Zwei Jahre lang begleiteten die Filmemacher Martin, ließen ihn erzählen, brachten ihn mit den alten Kollegen Tex Haper und Tony Tornado zusammen, und zeigen, wie Martin auch mit 71 Jahren gegen alle Kränkungen und Katastrophen immer noch von einem Comeback mit nun selbst geschriebenen Songs träumt. „Ich habe ein Näschen für Hits“, weiß Ulli, hat auch einige Demos aufgenommen, aber wie einst „kein glückliches Händchen, das in klingende Münze umzusetzen“.

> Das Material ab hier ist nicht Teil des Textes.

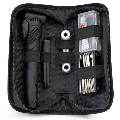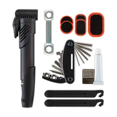 Never be caught without the right tools again! The Schwinn Emergency Repair Kit for bicycles makes it easy to perform roadside repairs. This 12-piece kit includes an expanding mini pump, 15-in-1 multi-tool, 10-function wrench, 2 tire levers, and a tube patch kit. Plus, it all comes in a convenient carrying case. Upgrade your ride with the Emergency Repair Kit and enjoy the freedom of riding with Schwinn.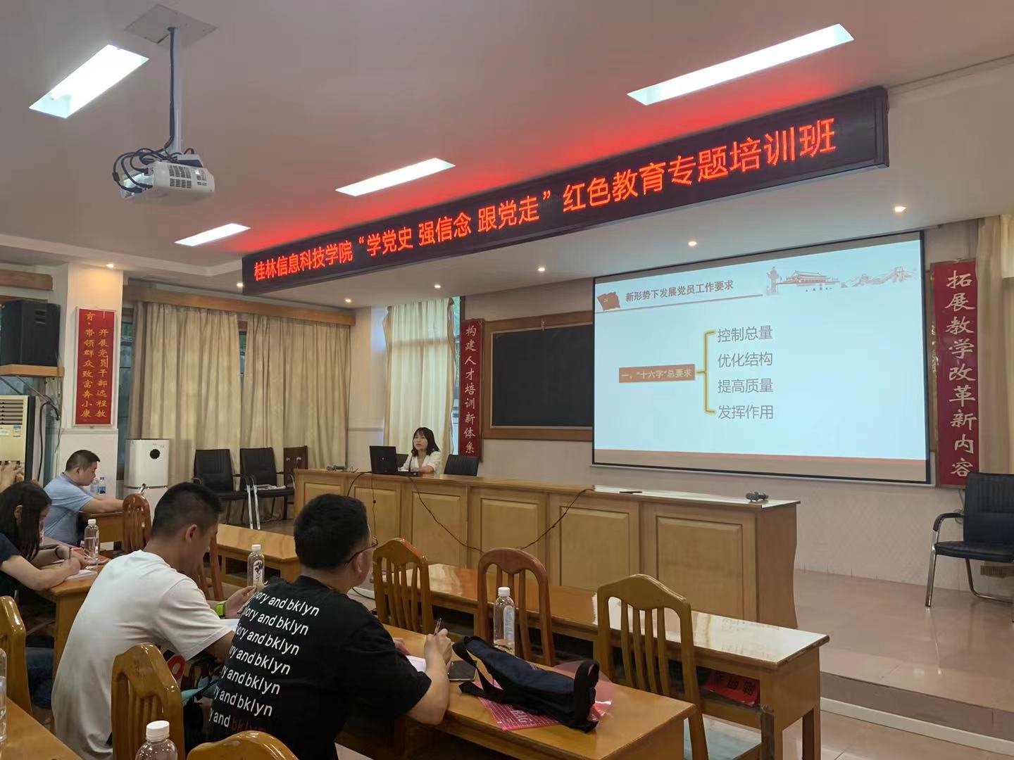 专题培训上,学校副校长、党委副书记、纪委书记唐步洲为全体学员讲授了“学党史、感党恩,坚守和践行思想政治辅导员的初心和使命”主题党课,灌阳县红色文化培训中心主任胡海源开展题为“学党史、明初心、知使命——中国共产党逐梦之路与经验启示”专题培训,学校党群事务部副部长张文源和大学生心理健康中心主任张承宗分别就如何做好学校意识形态工作和大学生心理危机工作展开培训,党群事务部莫德莉就如何开展“入党的规定和发展党员工作流程”进行专题培训。

"ich konnte mich nie gut verkaufen"

„Er gehörte zu den wenigen in der Schlagerbranche, die wirklich singen konnten“, erinnert sich Tony und lobt das „Vibrato-Timbre“, das seine Stimme besonders romantisch machte. „Doch das hat mir nichts genützt, weil ich mich nie gut verkaufen konnte“, ergänzt Martin. Er bekommt heute lediglich ein Taschengeld von 100 Euro im Monat, weil er sich um Alterssicherung nie gekümmert hat, geschweige seine ehemaligen Manager und Produzenten.

Uraufführung am Do, 17. Mai, 20 Uhr, Traumkino (Grasweg 19), in Gegenwart der Regisseure, Ulli Martin und Tex Harper.